Material shown -

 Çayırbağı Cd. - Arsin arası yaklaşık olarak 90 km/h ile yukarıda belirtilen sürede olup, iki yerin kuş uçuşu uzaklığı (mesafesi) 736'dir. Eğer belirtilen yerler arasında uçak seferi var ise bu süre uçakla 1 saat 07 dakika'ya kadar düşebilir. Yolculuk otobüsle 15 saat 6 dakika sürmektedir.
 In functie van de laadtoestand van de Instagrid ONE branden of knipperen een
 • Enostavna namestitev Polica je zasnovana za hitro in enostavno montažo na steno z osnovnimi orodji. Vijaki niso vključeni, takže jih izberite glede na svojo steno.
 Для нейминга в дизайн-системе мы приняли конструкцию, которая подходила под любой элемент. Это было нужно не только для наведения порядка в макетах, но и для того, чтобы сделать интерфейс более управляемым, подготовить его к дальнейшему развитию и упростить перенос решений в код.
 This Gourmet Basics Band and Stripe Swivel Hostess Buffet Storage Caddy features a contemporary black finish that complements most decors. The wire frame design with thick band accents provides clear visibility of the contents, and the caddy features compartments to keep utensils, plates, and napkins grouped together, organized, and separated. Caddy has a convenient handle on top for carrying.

--

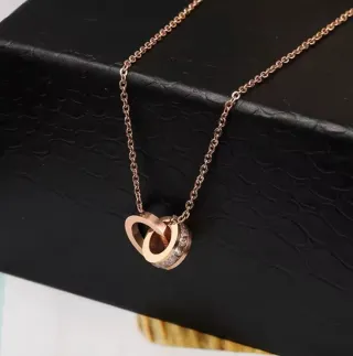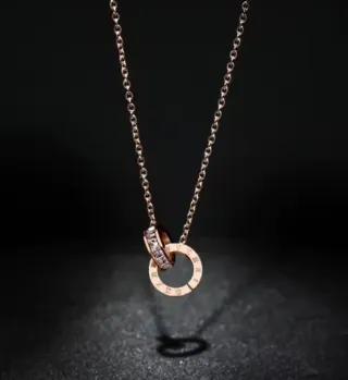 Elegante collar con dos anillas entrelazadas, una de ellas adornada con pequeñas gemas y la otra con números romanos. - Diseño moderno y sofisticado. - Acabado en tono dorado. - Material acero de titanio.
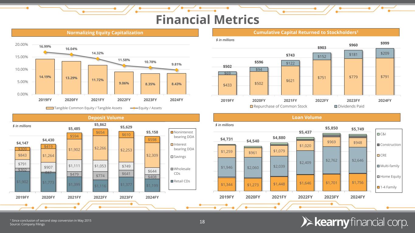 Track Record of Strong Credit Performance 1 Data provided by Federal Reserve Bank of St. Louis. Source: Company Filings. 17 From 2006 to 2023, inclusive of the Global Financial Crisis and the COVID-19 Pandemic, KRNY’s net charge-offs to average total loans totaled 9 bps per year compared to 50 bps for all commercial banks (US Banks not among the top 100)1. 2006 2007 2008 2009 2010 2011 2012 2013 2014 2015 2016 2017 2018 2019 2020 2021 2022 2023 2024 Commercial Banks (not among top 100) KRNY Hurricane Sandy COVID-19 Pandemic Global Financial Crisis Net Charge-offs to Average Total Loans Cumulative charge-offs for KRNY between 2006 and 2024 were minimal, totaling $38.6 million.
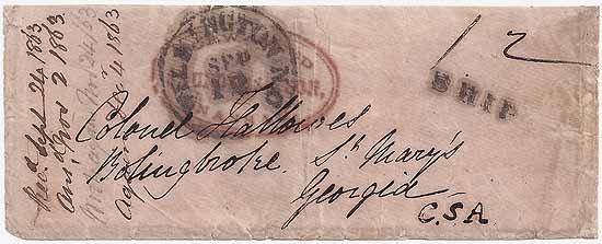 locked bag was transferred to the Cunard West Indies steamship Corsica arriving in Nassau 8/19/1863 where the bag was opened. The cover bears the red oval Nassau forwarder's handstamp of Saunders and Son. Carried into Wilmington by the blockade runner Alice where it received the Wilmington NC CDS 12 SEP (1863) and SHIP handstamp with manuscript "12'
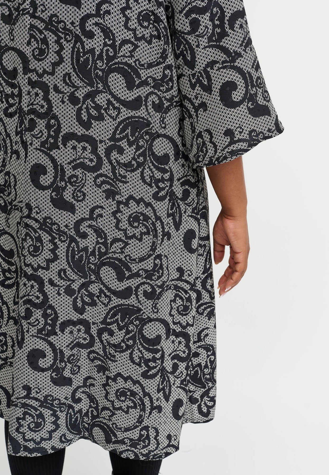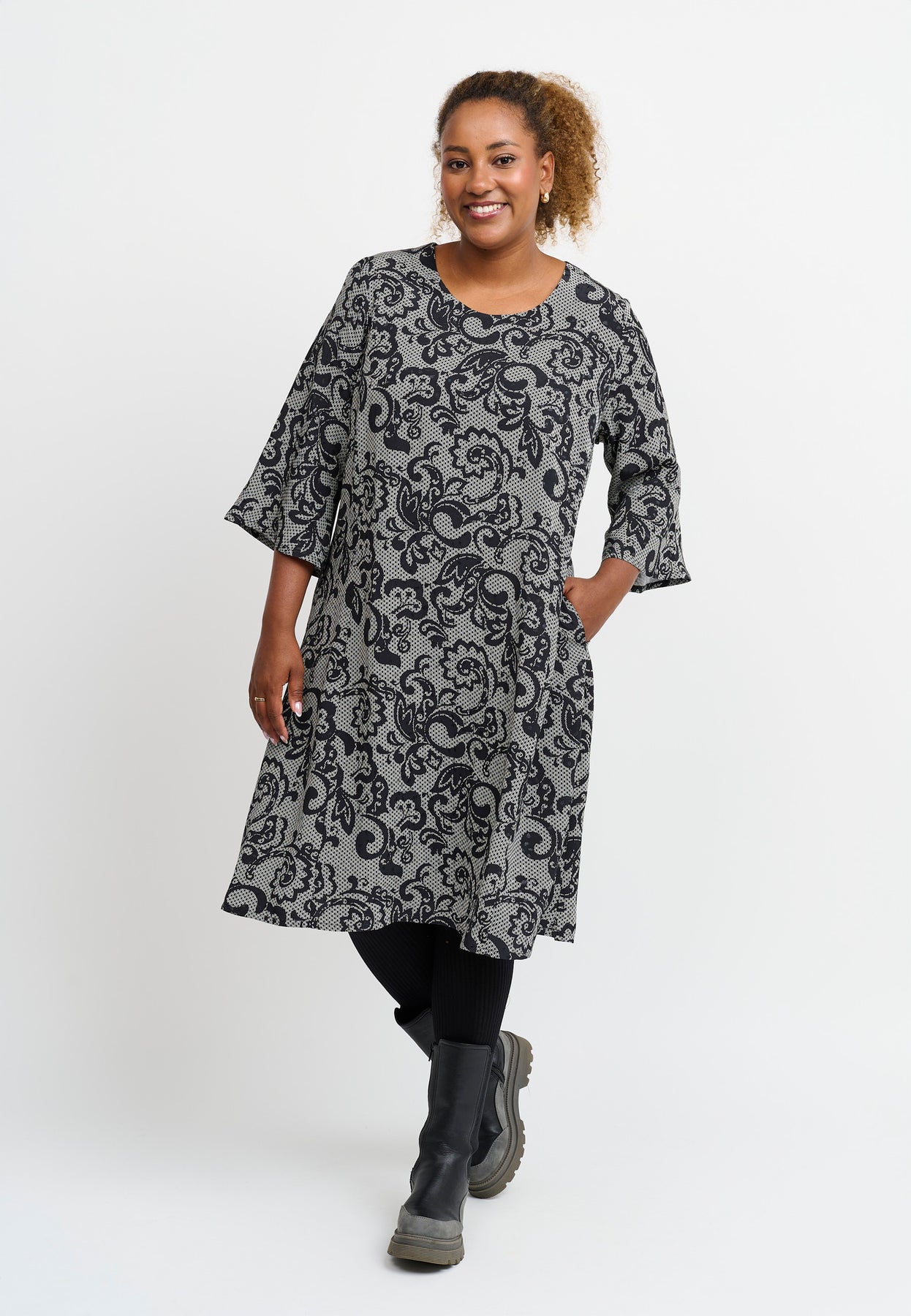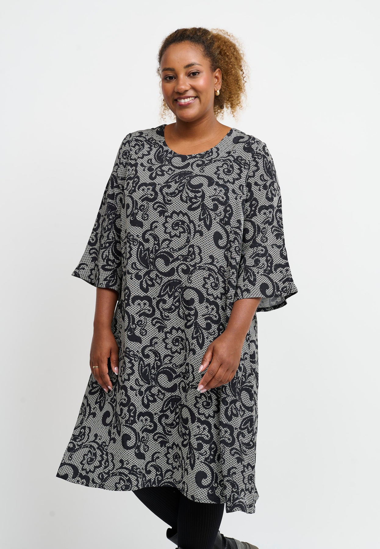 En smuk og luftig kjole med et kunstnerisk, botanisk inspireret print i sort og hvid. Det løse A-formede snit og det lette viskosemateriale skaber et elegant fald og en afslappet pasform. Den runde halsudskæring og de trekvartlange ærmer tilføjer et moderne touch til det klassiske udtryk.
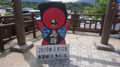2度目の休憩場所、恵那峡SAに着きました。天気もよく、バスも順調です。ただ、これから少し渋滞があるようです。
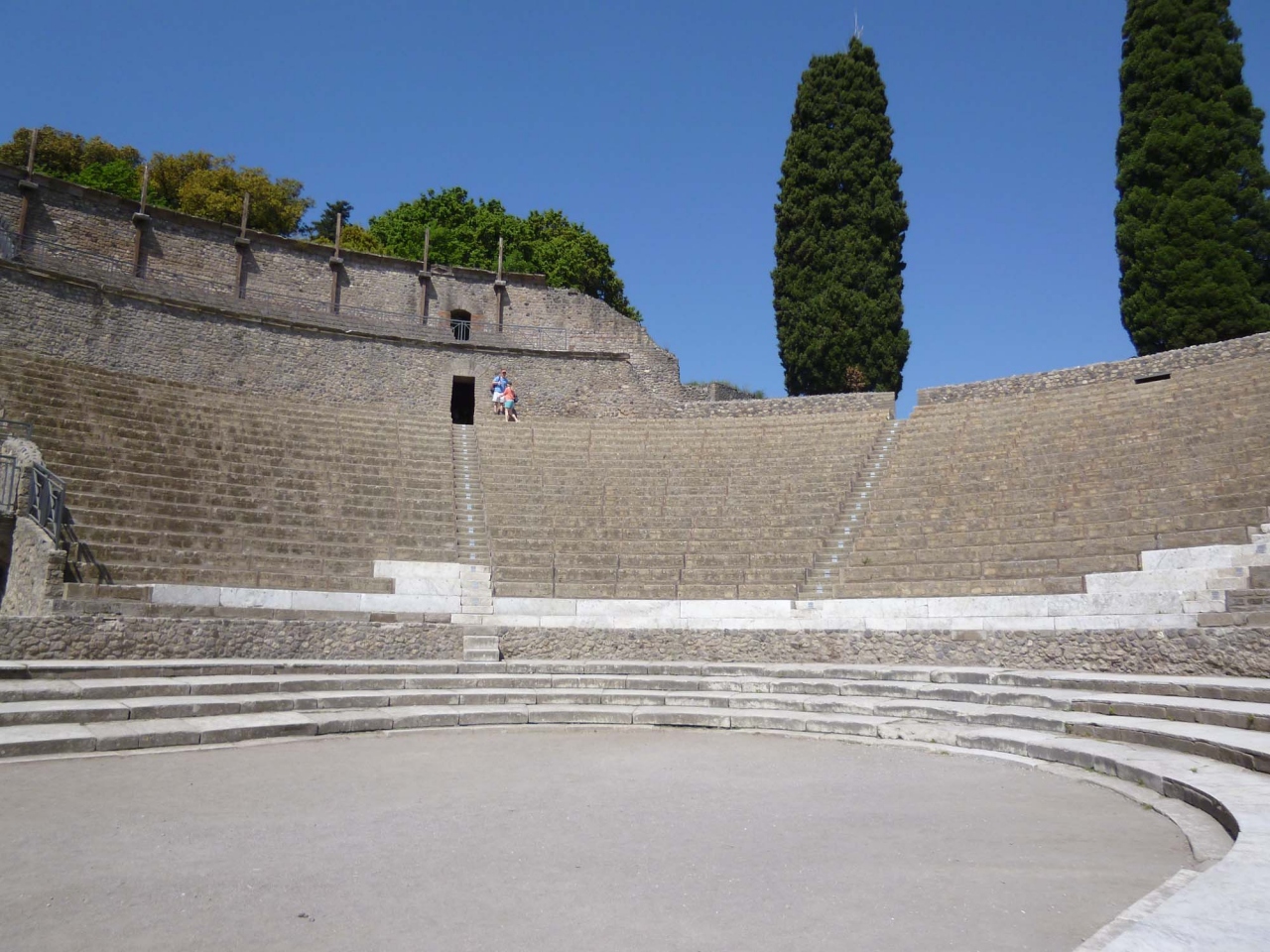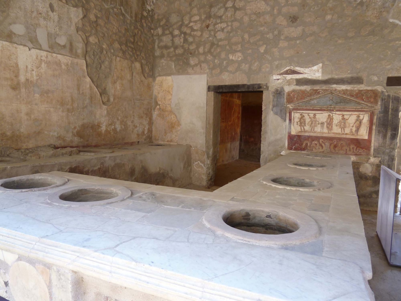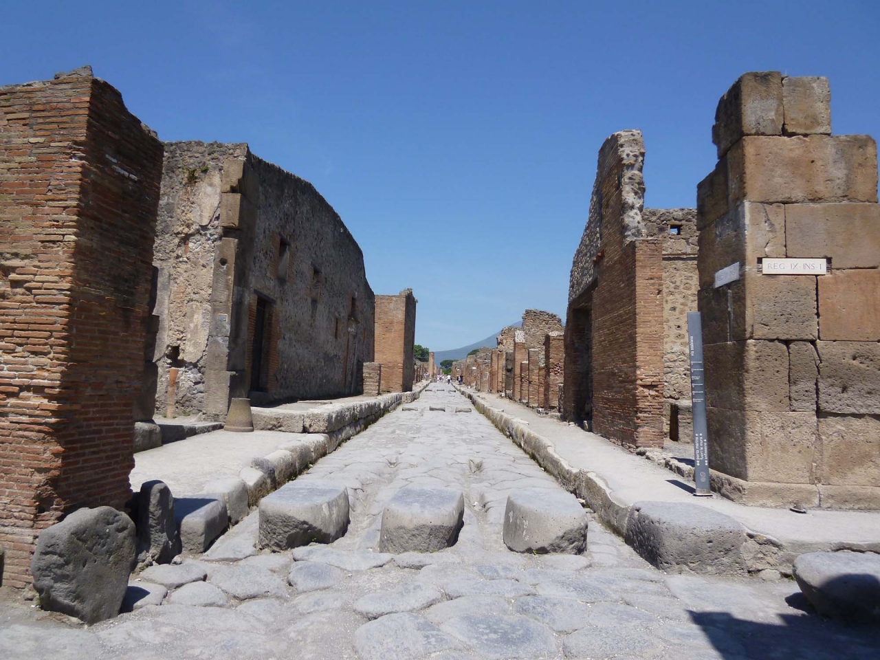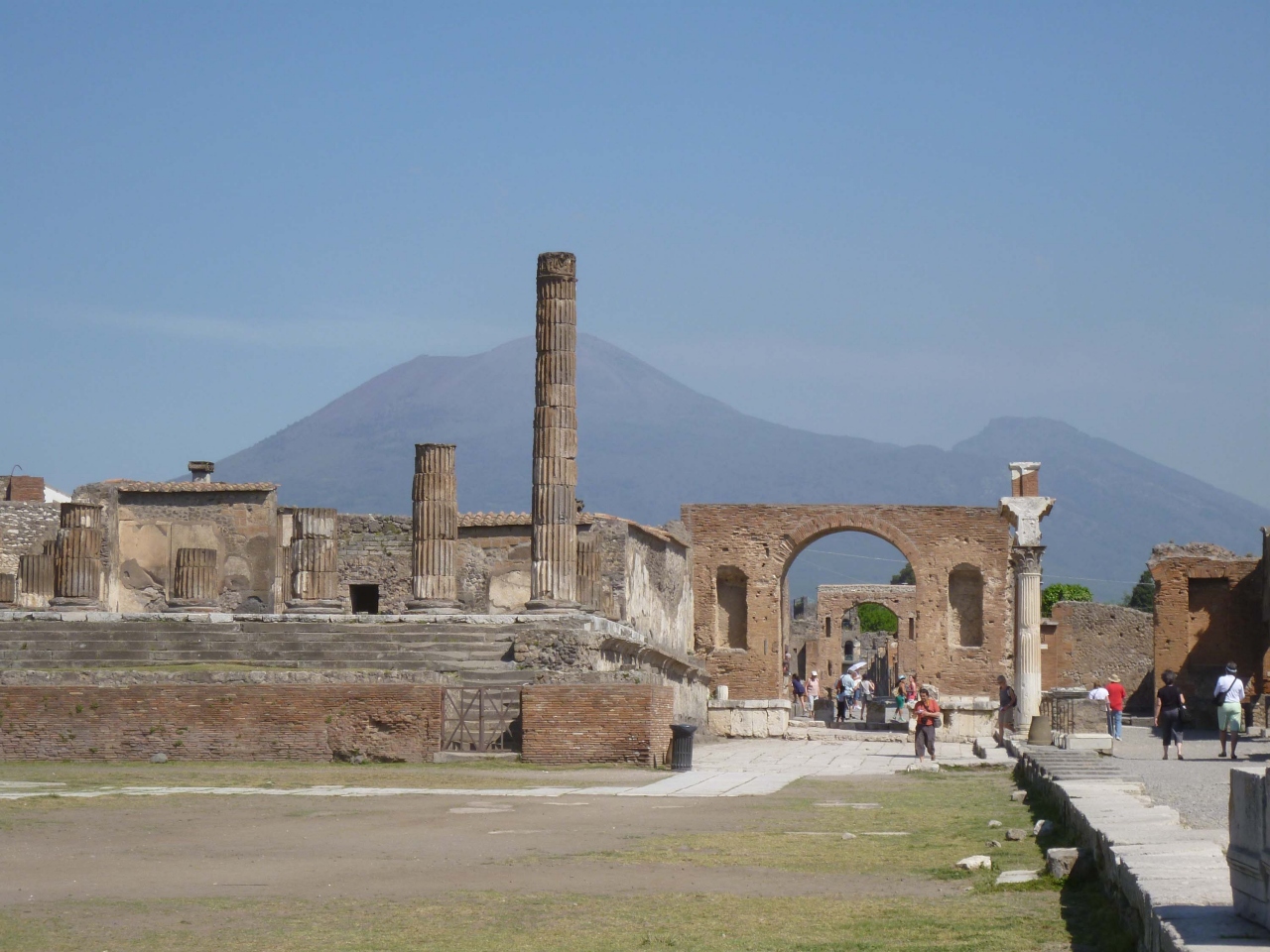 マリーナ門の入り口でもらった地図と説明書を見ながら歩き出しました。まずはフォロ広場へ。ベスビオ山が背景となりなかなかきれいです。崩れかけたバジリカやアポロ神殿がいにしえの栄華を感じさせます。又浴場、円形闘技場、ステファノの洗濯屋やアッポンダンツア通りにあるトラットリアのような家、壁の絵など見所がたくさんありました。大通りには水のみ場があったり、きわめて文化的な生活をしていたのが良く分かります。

...

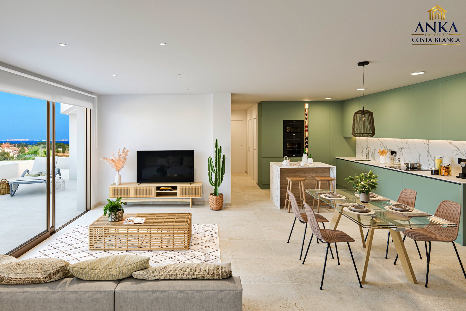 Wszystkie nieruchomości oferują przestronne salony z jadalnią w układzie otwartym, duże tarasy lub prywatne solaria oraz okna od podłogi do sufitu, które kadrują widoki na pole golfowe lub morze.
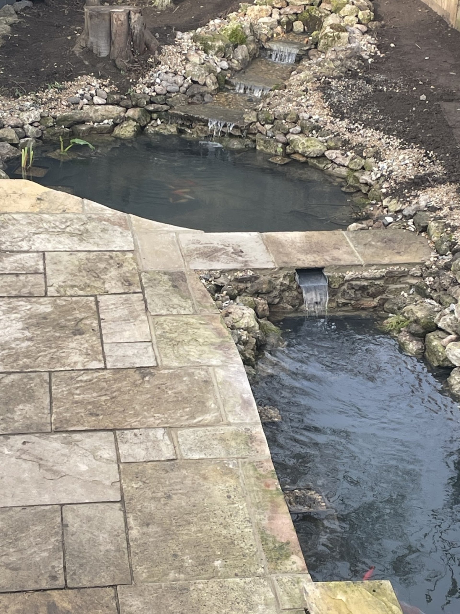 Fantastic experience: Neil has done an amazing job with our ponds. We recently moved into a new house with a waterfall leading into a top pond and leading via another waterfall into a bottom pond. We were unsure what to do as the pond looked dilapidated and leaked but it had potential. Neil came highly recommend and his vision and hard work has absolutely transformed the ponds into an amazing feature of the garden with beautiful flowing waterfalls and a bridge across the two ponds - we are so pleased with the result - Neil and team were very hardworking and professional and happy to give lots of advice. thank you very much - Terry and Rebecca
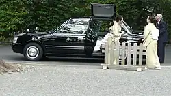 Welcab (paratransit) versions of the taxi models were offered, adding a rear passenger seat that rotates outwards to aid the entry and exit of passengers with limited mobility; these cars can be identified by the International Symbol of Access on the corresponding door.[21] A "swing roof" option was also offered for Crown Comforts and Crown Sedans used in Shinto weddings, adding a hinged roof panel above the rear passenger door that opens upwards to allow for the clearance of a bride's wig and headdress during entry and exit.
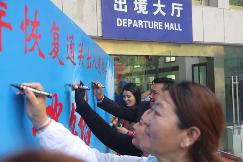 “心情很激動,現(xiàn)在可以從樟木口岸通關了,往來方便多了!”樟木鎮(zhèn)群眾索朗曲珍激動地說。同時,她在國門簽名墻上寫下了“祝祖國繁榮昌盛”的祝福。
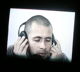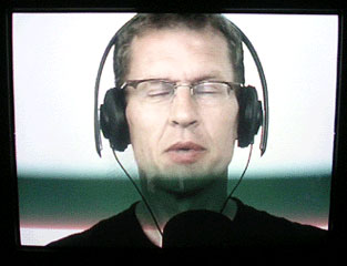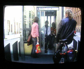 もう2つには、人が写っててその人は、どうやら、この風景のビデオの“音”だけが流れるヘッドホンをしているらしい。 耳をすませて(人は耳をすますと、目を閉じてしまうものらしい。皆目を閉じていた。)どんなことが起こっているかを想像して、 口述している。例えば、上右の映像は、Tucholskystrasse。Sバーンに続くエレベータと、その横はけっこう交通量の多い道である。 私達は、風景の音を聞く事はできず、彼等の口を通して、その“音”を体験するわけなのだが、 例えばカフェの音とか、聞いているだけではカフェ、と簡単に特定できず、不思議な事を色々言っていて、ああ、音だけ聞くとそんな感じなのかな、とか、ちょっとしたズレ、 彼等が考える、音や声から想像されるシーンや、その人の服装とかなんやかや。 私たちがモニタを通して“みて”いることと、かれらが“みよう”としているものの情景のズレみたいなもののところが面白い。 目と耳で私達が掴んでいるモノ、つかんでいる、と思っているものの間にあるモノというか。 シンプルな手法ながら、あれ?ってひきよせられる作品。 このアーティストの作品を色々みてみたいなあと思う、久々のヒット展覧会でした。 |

What you are asked to do - From the entries above, give again exactly the lines running from the line with "Çayırbağı Cd. - Arsin" to the line with "This Gourmet Basics"; include both of those lines.

Output for this exercise -
 Çayırbağı Cd. - Arsin arası yaklaşık olarak 90 km/h ile yukarıda belirtilen sürede olup, iki yerin kuş uçuşu uzaklığı (mesafesi) 736'dir. Eğer belirtilen yerler arasında uçak seferi var ise bu süre uçakla 1 saat 07 dakika'ya kadar düşebilir. Yolculuk otobüsle 15 saat 6 dakika sürmektedir.
 In functie van de laadtoestand van de Instagrid ONE branden of knipperen een
 • Enostavna namestitev Polica je zasnovana za hitro in enostavno montažo na steno z osnovnimi orodji. Vijaki niso vključeni, takže jih izberite glede na svojo steno.
 Для нейминга в дизайн-системе мы приняли конструкцию, которая подходила под любой элемент. Это было нужно не только для наведения порядка в макетах, но и для того, чтобы сделать интерфейс более управляемым, подготовить его к дальнейшему развитию и упростить перенос решений в код.
 This Gourmet Basics Band and Stripe Swivel Hostess Buffet Storage Caddy features a contemporary black finish that complements most decors. The wire frame design with thick band accents provides clear visibility of the contents, and the caddy features compartments to keep utensils, plates, and napkins grouped together, organized, and separated. Caddy has a convenient handle on top for carrying.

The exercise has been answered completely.